- **Requirement**
Beginning with the line that contains "LOT 9 | LIVING ROOM", restate each line below through the final one exactly, and exclude the pictures.

--- Records Enclosed Below ---

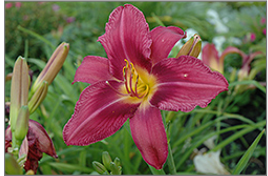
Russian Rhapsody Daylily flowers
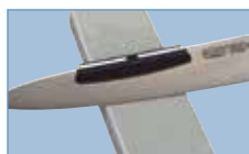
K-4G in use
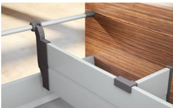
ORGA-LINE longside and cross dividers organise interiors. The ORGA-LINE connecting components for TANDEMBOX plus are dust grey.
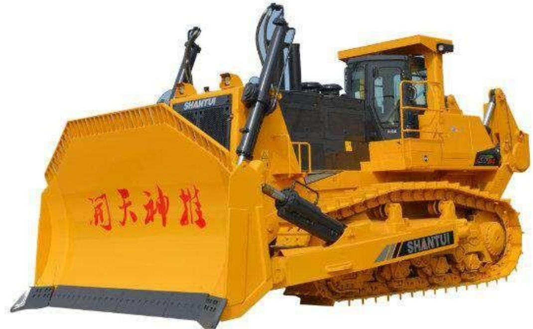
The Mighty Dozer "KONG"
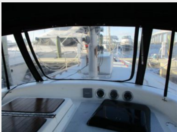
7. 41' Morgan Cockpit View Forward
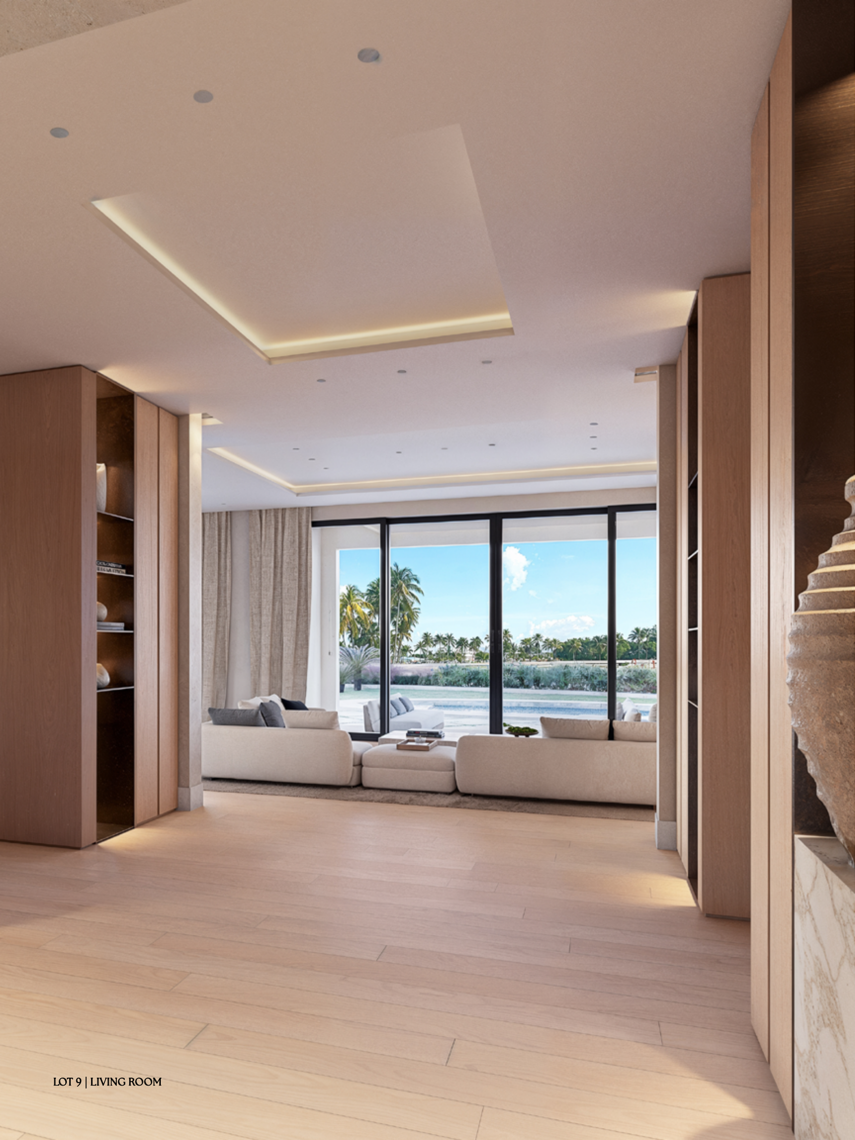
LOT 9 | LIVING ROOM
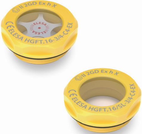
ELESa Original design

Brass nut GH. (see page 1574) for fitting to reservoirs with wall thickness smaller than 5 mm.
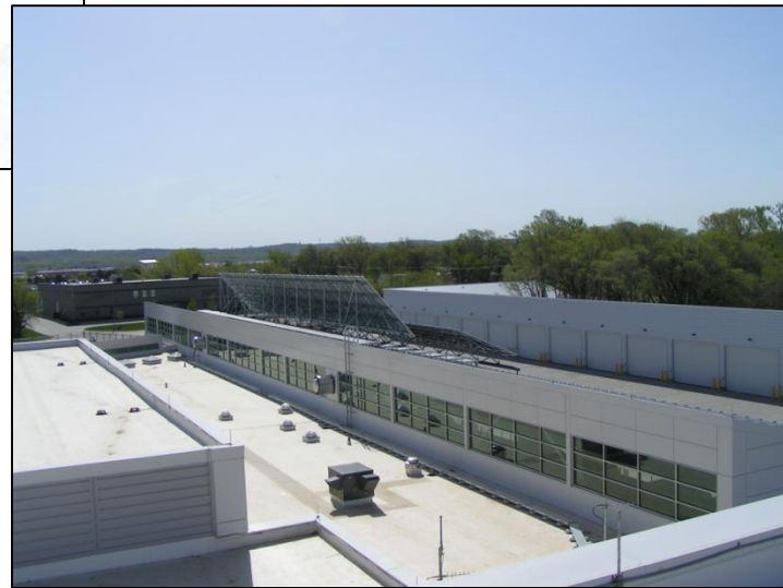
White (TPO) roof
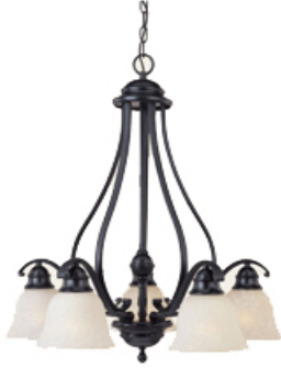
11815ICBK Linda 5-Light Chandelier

--- End of Enclosed Records ---

- **Answer section**
LOT 9 | LIVING ROOM
ELESa Original design

Brass nut GH. (see page 1574) for fitting to reservoirs with wall thickness smaller than 5 mm.
White (TPO) roof
11815ICBK Linda 5-Light Chandelier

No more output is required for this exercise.